Existe uma dimensão que não pode ser subtraída de qualquer avaliação que se faça das situações vividas, neste caso como em inúmeros outros, que se relaciona às características físicas de pessoas negras. O olhar que se tem a priori com conotações negativas por estereótipo e preconceito, que constrói uma subjetividade referenciada, está presente no caso do doloso e doloroso homicídio em Porto Alegre, embora o vice-presidente da República, aclarando o pensamento hegemônico do governo Bolsonaro, assim como a delegada responsável pelo caso, prefiram não ver.
Para confirmar, poderíamos, ilustrativamente, perguntar-lhes qual a possibilidade de um homem branco engravatado ter sofrido a mesma violência brutal, e pedir-lhes para demonstrar as estatísticas a respeito de casos análogos.
Negar a existência de racismo no crime está muito além de definir se há o enquadramento na Lei 7.716/1989. As dinâmicas que consagram privilégios raciais e os mecanismos que os legitimam se ligam, inexoravelmente, ao racismo efetivo, aquele que pode ser explicado pelo conceito de “habitus” de Pierre Bordieu, na medida em que nos permite analisarmos as formas como um indivíduo e seu grupo agem, reproduzindo as relações da estrutura social que estão neles internalizadas, mesmo que seja no nível do inconsciente.
Para que nós, pessoas brancas, que nunca sentimos a exclusão racista possamos percebê-la, tanto em situações cotidianas, como de violência extrema como a de que foi vítima João Alberto, é preciso justamente acompanhar os dados, verificar que não podemos enxergar os casos como isolados, como atos praticados por pessoas sem preparo ou desfechos trágicos de erros individuais. Desviar o olhar para caracterizar mais uma violência como sem cor corresponderia a ignorar as estruturas racistas que nos asseguraram privilégios.
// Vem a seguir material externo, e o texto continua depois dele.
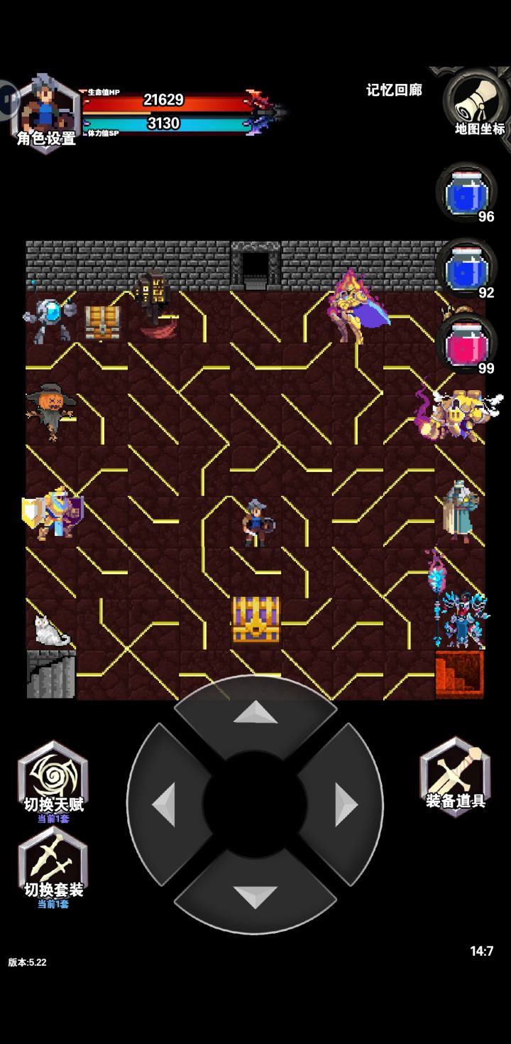旁边宝箱需要时间准备,获得一件装备,获得的装备与层数有关;

Não é preciso aprofundarmos conceitos para entender que sem o combate cotidiano ao racismo não é possível construir uma sociedade justa, plural e diversa, em que a dignidade da pessoa seja respeitada pelo Estado e por todos os brasileiros. Desse modo é que o enfrentamento ao racismo hoje no Brasil se liga, de forma umbilical, à derrocada do governo Bolsonaro. Não se resolverá com isso. Longe, muito longe. Mesmo porque o racismo no Brasil sempre existiu, não começou com o atual governo. Mas porque ao lado do desmonte de políticas públicas de inclusão racial, retirada de direitos e de oportunidades equivalentes de participação das estruturas nacionais de poder, há a volta do encobrimento do preconceito por um discurso oficial, que propaga a existência de uma relação harmoniosa e igualitária entre pessoas brancas e negras.
O processo é alimentado pela retórica racista de Bolsonaro, que ele transforma em “piadas” quando convém. Mas vai muito além dela e mostra, na fala do General, que é uma posição que não pertence apenas ao presidente, mas ao bolsonarismo genericamente considerado, dentro e fora do governo.